In Gamow's initial proposal, which he called the diamond code, double-stranded DNA acted directly as a template for assembling amino acids into proteins. As Gamow saw it, the various combinations of bases along one of the grooves in the double helix could form distinctively shaped cavities into which the side chains of amino acids might fit. Each cavity would attract a specific amino acid; when all the amino acids were lined up in the correct order along the groove, an enzyme would come along to polymerize them.

Figure 1. George Gamow's diamond codeClick to Enlarge Image

Each of Gamow's cavities was bounded by the bases at the four corners of a diamond. If the DNA helix is oriented vertically, the bases at the top and bottom corners of a diamond are on the same strand and are separated by a single intervening base; the left and right corners of the diamond are defined by that intervening base and by its complementary partner on the opposite strand.

Some years later, Crick wrote: "The importance of Gamow's work was that it was really an abstract theory of coding, and was not cluttered up by a lot of unnecessary chemical details...." Actually, Gamow's description of the diamond code had more chemical clutter than many of the later code proposals, but it was indeed the abstract parts of the scheme that made an impression and had a lasting influence. In particular, Gamow's treatment of the problem of mismatched alphabets is still the starting point for textbook accounts of the genetic code.

The alphabet problem is simply that there are 20 kinds of amino acids in proteins but only four kinds of nucleotide bases in DNA. Hence there cannot be any one-to-one mapping from bases to amino acids. Using two bases to represent each amino acid still comes up short, since there are only 16 doublets of bases. It therefore seems that the basic unit of information in the genetic code can be no smaller than a triplet of bases. But there are 64 triplets—more than three times the number needed. Explaining away this excess became a major preoccupation of coding theorists.

Gamow's diamond code—viewed abstractly, after sweeping away the chemical clutter—turns out to be a triplet code in disguise. Although the diamonds have four corners, the paired bases along the horizontal diagonal are complementary, and so only one of them carries any information; the other is entirely determined by the rules that link A with T and C and G. Thus each code word—or "codon"—consists of three bases lined up along one strand. There are 64 possible codons, but not all of them are distinct.
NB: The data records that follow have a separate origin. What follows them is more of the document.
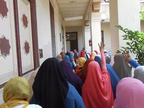 وتظاهرت طالبات "الدراسات الإسلامية" بدمنهور، في مسيرة حاشدة، طافت ساحة الكلية، وسط هتافات تطالب بالإفراج عن الطلاب المعتقلين.
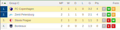 - Copenhagen will be aiming to maintain their top position on the group C table having scored three goals and conceded two.
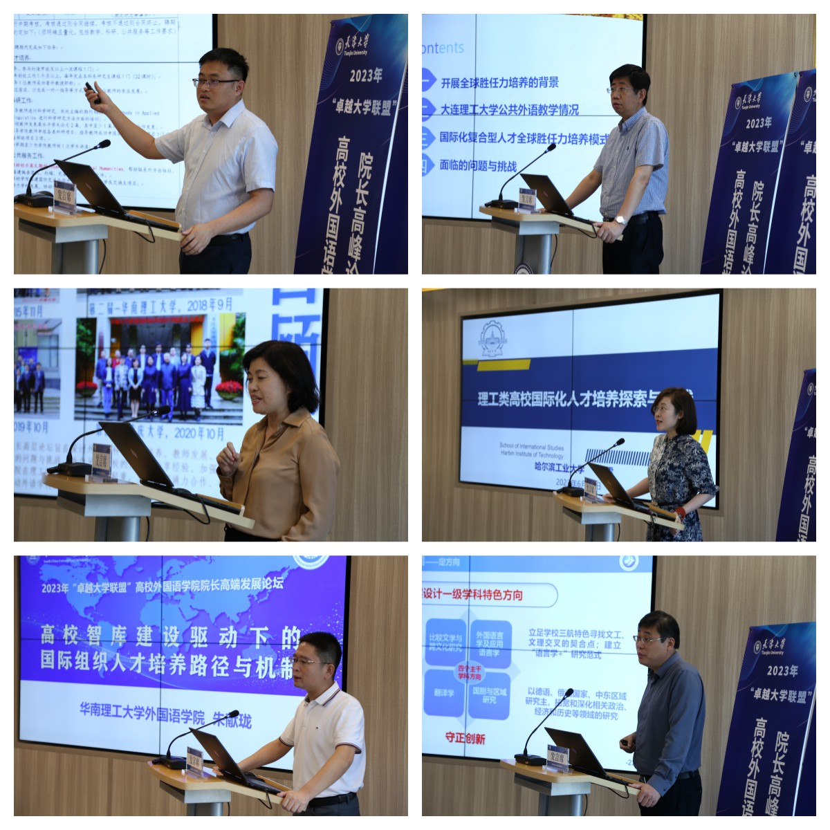 论坛主题交流阶段,来自“卓越大学联盟”各高校的院长们就大学英语改革、外语专业建设、人才培养、学科建设、师资队伍建设以及外语学科面临的机遇与挑战等热点问题进行探讨。

Gamow noted that most amino acid side chains are symmetrical, and he therefore postulated that the diamonds could be flipped end-for-end or flopped side-to-side without changing their meaning. For example, the triplet CAG becomes GAC when it is flipped end-for-end, and both of these codons must specify the same amino acid. Flopping CAG side-to-side changes the middle A into a complementary T, so that CTG and GTC are also members of the same family of equivalent codons. When all such symmetries are taken into account, how many distinct codons remain? Gamow counted them up and found the answer is 20—just the magic number he was looking for.
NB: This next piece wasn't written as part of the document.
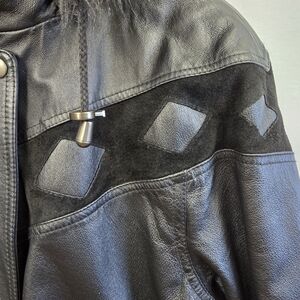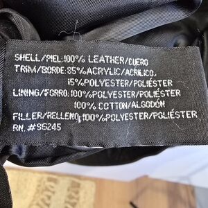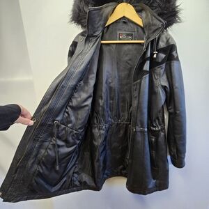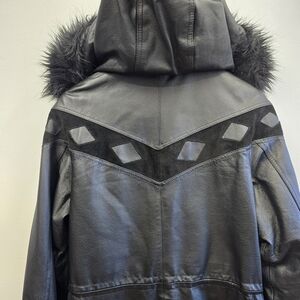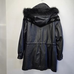 Stylish black leather jacket. Features Faux fur trim and unique detailing. Perfect for a chic bohemian look.

The diamond code had another important property: It was an overlapping triplet code. Each nucleotide base (except perhaps at the ends of a strand) claimed simultaneous membership in three adjacent codons. For example, the base sequence GATTACA consists of five overlapping triplets: GAT, ATT, TTA, TAC and ACA. At the time, overlapping triplets seemed like a good idea. There was a stereochemical justification: The spacing between amino acids in a protein is similar to the spacing between bases in DNA, so that the two polymers mesh best when their subunits are matched one-to-one. The overlapping code also maximizes the density of information storage: Even though three bases are needed to specify any single amino acid, the overall ratio of bases to amino acids approaches 1:1. Finally, overlapping imposes constraints on the possible sequences of amino acids. Gamow thought the constraints might reveal the nature of the code; as it turned out, they were the downfall of his hypothesis.